In the records below, repeat word for word only the lines starting at the one that contains "Recycled plastic ballpoint" and ending at the one that contains "焼き魚と照焼きチキンが並ぶ。", pictures excluded.

[Start of Attachment]

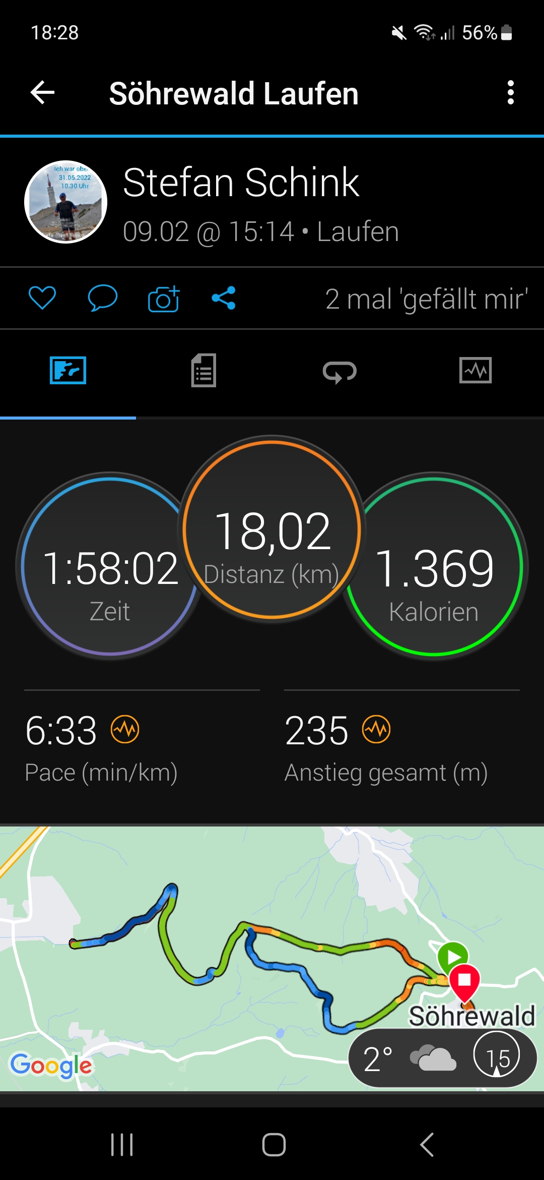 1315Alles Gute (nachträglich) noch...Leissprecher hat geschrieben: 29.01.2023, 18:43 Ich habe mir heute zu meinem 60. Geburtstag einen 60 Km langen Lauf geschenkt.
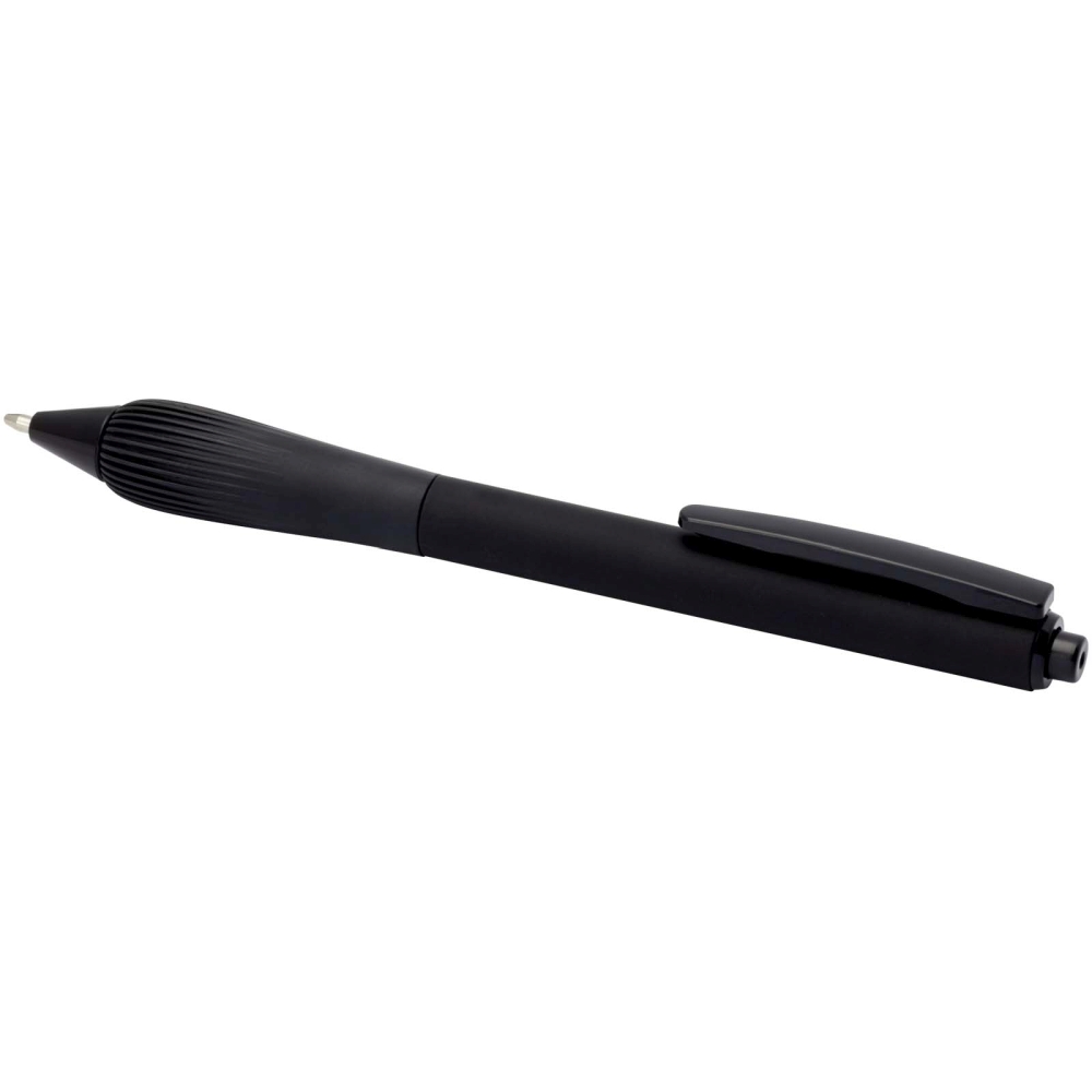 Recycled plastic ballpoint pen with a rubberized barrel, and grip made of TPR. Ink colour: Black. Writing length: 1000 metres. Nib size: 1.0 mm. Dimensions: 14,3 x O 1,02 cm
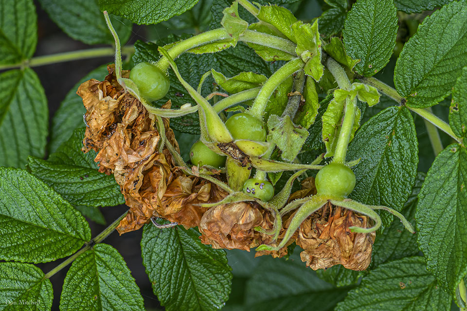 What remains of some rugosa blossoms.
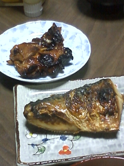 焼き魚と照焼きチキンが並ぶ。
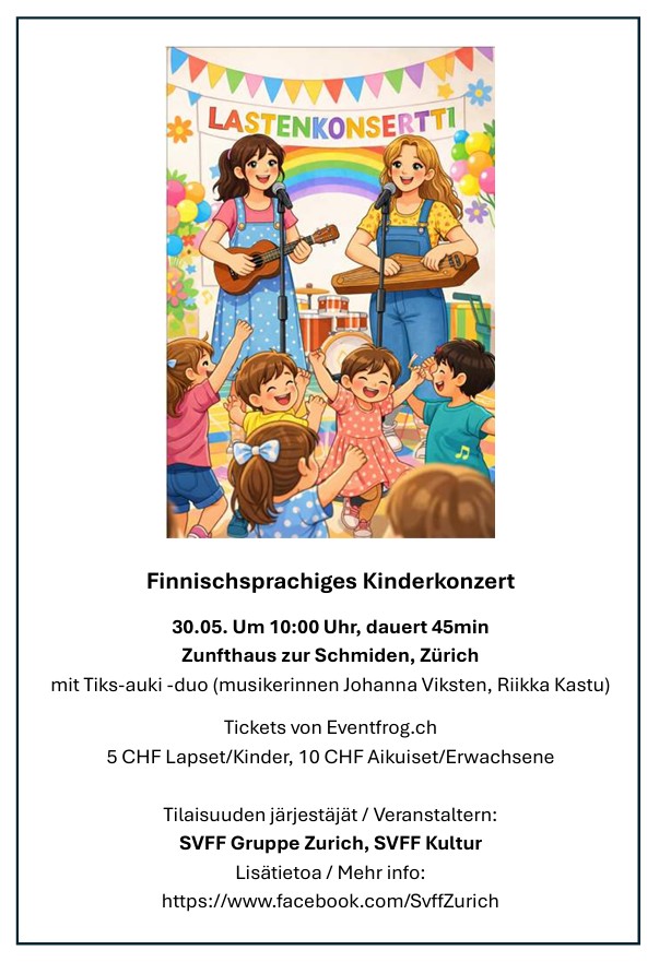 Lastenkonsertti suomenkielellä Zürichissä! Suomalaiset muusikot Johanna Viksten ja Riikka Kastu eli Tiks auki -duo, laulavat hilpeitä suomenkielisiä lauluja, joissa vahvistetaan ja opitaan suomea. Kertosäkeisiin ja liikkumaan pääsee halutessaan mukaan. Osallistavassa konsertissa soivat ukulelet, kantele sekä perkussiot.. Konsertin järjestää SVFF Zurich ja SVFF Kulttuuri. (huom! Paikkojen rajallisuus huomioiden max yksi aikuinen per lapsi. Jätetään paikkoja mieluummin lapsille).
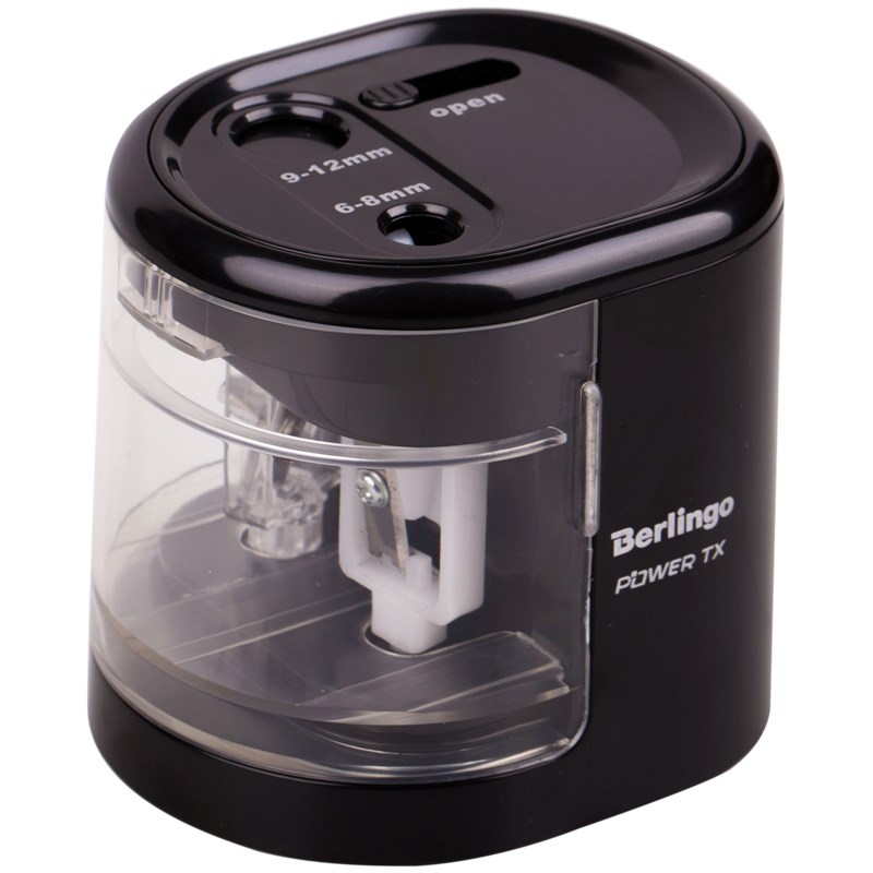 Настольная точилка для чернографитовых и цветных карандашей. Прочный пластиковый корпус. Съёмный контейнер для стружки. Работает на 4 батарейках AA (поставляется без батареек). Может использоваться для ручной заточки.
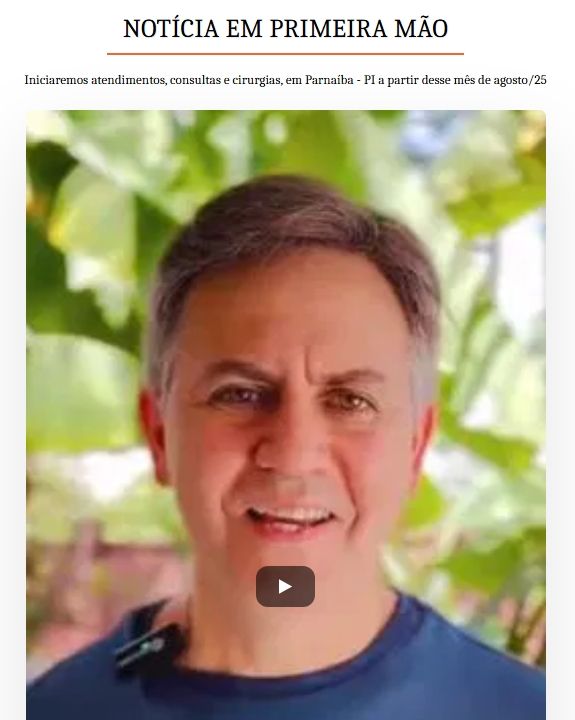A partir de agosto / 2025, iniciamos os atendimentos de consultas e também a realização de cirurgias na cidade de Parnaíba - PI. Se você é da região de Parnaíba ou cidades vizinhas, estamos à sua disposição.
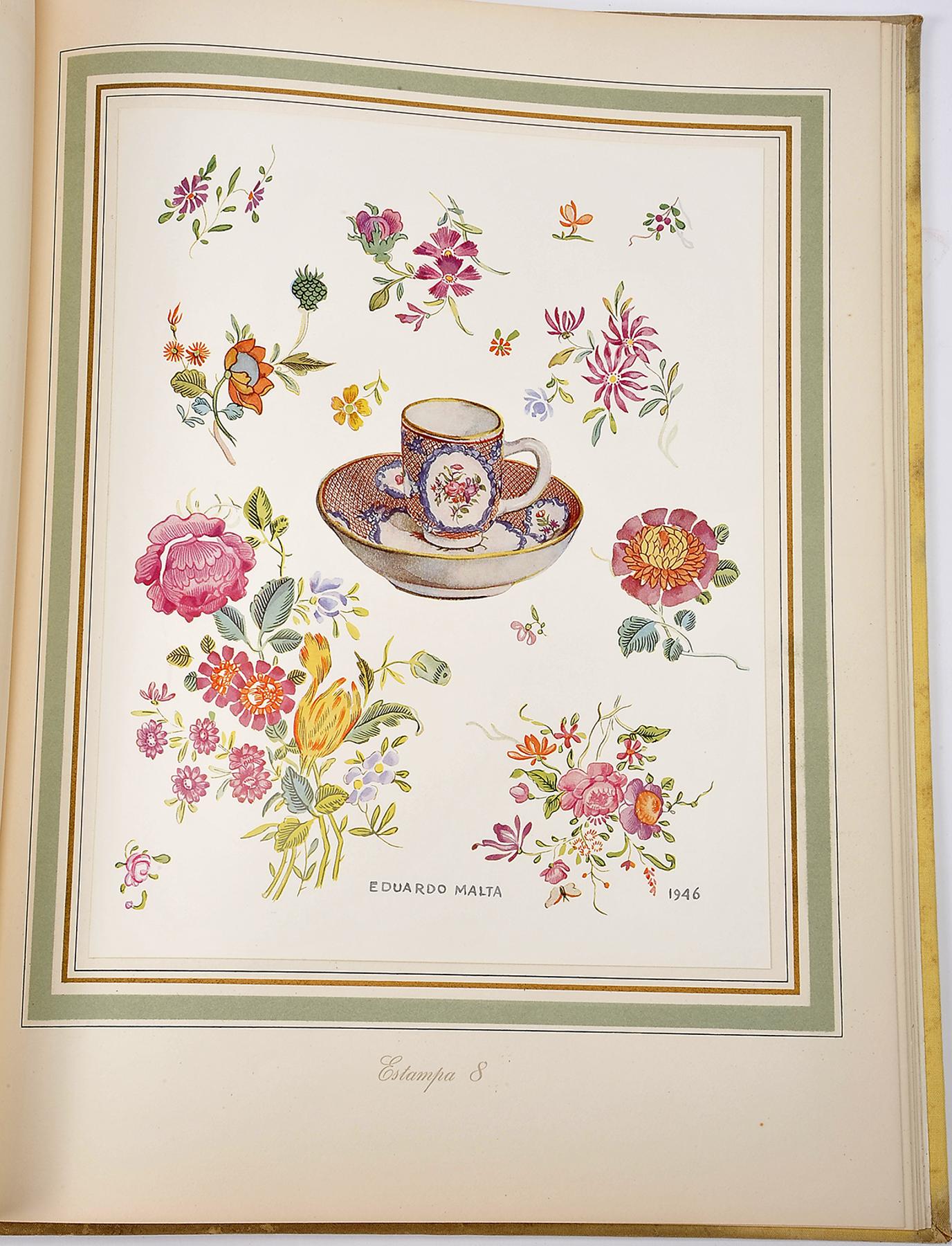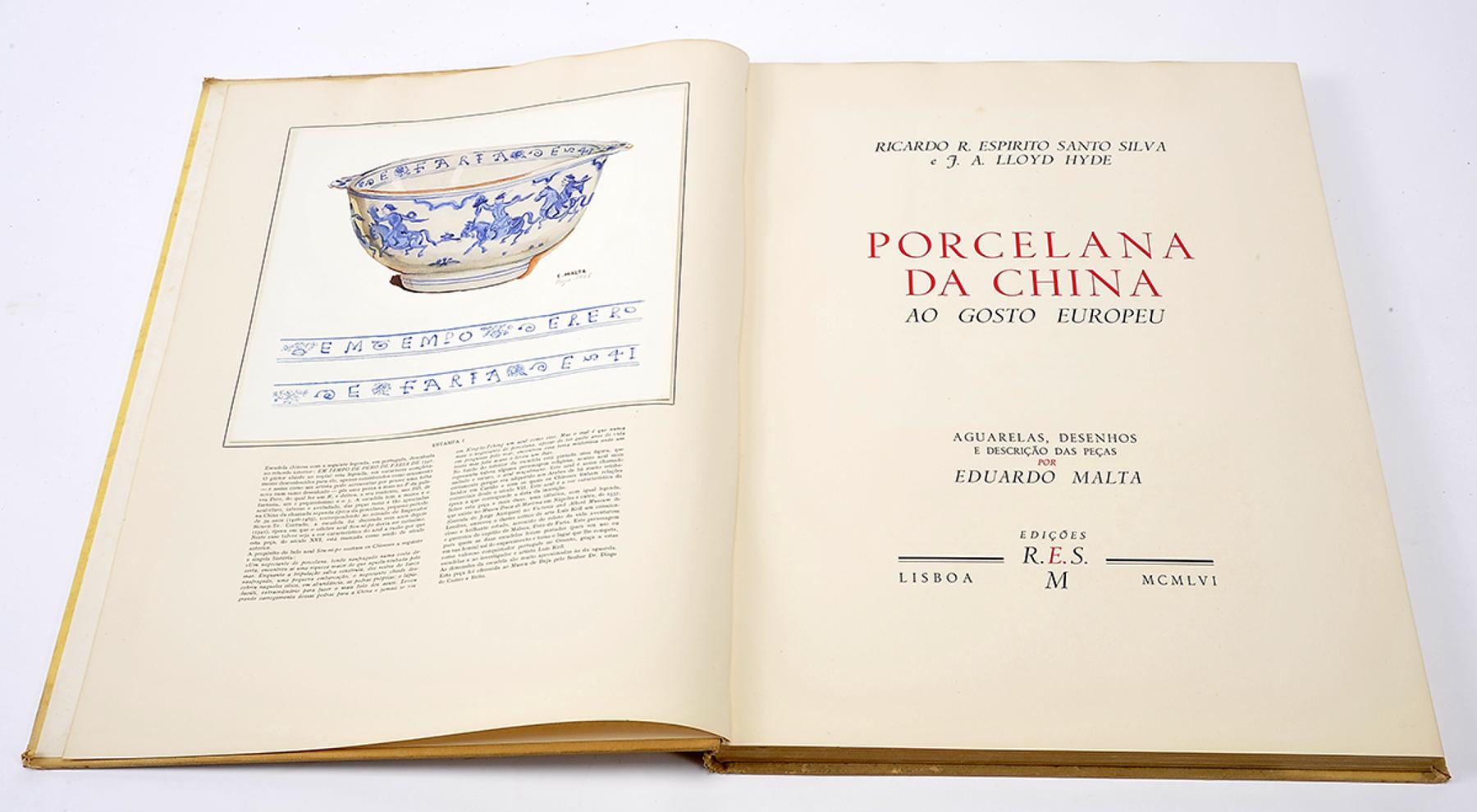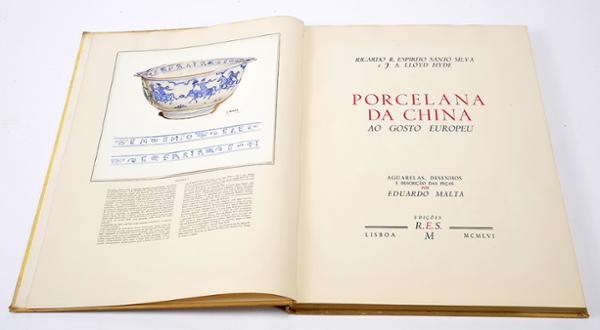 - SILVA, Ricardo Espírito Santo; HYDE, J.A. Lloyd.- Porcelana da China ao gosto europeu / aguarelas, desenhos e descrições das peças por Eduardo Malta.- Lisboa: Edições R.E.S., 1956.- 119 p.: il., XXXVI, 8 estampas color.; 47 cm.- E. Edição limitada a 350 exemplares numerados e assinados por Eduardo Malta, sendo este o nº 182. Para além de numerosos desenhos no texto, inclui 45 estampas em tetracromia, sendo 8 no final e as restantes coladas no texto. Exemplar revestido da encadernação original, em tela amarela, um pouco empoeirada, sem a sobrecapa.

[End of Attachment]

### RESPONSE TO THIS EXERCISE
 Recycled plastic ballpoint pen with a rubberized barrel, and grip made of TPR. Ink colour: Black. Writing length: 1000 metres. Nib size: 1.0 mm. Dimensions: 14,3 x O 1,02 cm
 What remains of some rugosa blossoms.
 焼き魚と照焼きチキンが並ぶ。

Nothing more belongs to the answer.